— Да какая вина, Господи? — закатил глаза Хельмут. Но Генрих возражений не принимал — он переложил колчан на его колени и взглянул ему в глаза с каким-то необъяснимым вызовом, требованием.
— Посмотри, — велел он.
Именно велел. Как лорд, как сюзерен. И Хельмут не мог нарушить приказ.
Он приподнял колчан, внимательно оглядел узор, в очередной раз восхитившись его тонкостью и проработанностью. Затем Хельмут извлёк лук — чуть меньше, чем его погибший старый, из более тёмного дерева, с уже снаряженной тетивой, совершенно новый, блестящий от полировки… Он вертел его в руках, оглядывая то одно плечо, то другое, затем начал рассматривать рукоять: на ней тоже был узор, не такой сложный, как на колчане, но тоже довольно красивый и искусный.
— Я бы опробовал, если бы здесь было где развернуться. — Хельмут окинул взглядом шатёр. — Поэтому как только в себя приду — так сразу к мишеням.
Он положил лук и колчан на лежанку рядом с собой, поправил воротник синего дублета и снова взглянул Генриху в глаза — пытливо и, как ему думалось, загадочно.
— Спасибо, — сказал Хельмут тихо. — Это самый прекрасный подарок из всех, что я только мог бы получить от тебя. Хотя… — Он наигранно задумался, прищурив глаза и ловя на себе обеспокоенный взгляд. — Можно я тебя поцелую?
Генрих лишь улыбнулся и едва заметно кивнул, но и этого Хельмуту был достаточно. Он обхватил его лицо руками, проведя большим пальцем по острой скуле, ещё на мгновение задержался на его изумрудных глазах, будто желая изучить каждую ресницу, а затем осторожно прижался губами к его губам — словно в первый раз, словно чего-то боясь… На самом деле Хельмут попросту задыхался от непередаваемой нежности, захватившей его душу, и не мог быть более уверенным и настойчивым.
Однако Генрих — мог.
Он, стараясь не задеть не до конца затянувшиеся раны Хельмута, провёл ладонью по его плечу, вторую руку положил на спину, заставив сильнее приблизиться к себе. Он перехватил инициативу и сам начал целовать Хельмута, причём целовать достаточно глубоко и требовательно. Ему оставалось лишь отвечать, и он покорился, а его пальцы запутались в мягких волосах Генриха.

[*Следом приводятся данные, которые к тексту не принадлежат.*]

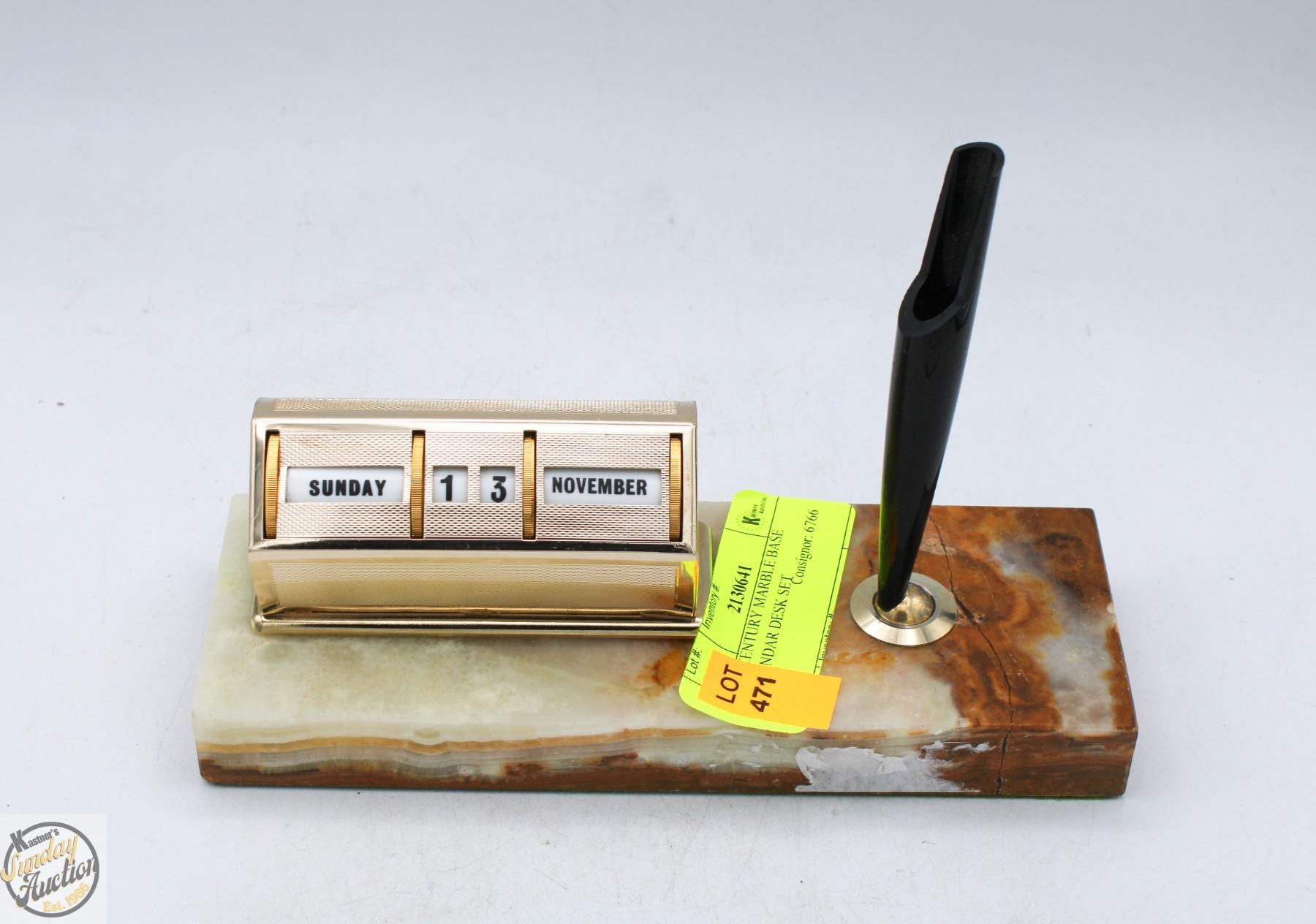 WHITE ONYX STONE BASED DESK CALENDAR PEN HOLDER

Через мгновение Хельмут понял, что дрожит от чувств, внушаемых этим поцелуем, и что та звенящая нежность постепенно сгорает, превращаясь в жгучую страсть и тягучее желание. Это напоминало их первый поцелуй — тот тоже начался донельзя трепетно, несмело, а закончился… Хельмут усмехнулся прямо в губы Генриха, вспомнив, чем тогда всё обернулось.
И как же он, чёрт возьми, хотел и сейчас подобного продолжения…
***
Зимний острый воздух больно колол кожу и царапал лёгкие при каждом вдохе, холодные солнечные лучи, несмотря на тусклость, слепили глаза, но Хельмут всё равно рад был наконец-то выйти из шатра. Приподняв входное полотнище, некогда ярко-фиолетовое, а ныне выцветшее, он закрыл глаза и ощутил на лице дуновение ветра — от него взъерошились волосы и заколыхался плащ за спиной… Этот хрустальный холод свидетельствовал о том, что наконец-то пришла зима. Но снега и правда выпало совсем чуть-чуть, земля была едва прикрыта тончайшим бело-серым покрывалом, из-под которого проклёвывалась коричневая чахлая трава.
Хельмут шёл медленно, изредка прикрывая глаза и пытаясь понять, от чего у него кружится голова — от последствий удара или от ощущения безграничности и воли, что накатило на него, когда он в конце концов покинул тесный шатёр. Кругом стояло несколько десятков таких же шатров, высоких, круглых или квадратных, с флагами на верхушках, а за ними располагался палаточный лагерь простых солдат. А дальше… дальше растягивались луга и поля, бескрайние леса, в которых шумели хвойные деревья и пели озимые птицы, в которых узкие, едва протоптанные дорожки были покрыты ржаво-рыжими опавшими еловыми иглами… И теперь, после почти двух седмиц вынужденного заточения, Хельмуту остро захотелось поехать куда-нибудь туда, за горизонт, покинуть пределы лагеря и гнать коня во весь опор, ощущая свист ветра в ушах и представляя, будто это настоящий полёт, а не просто быстрая езда.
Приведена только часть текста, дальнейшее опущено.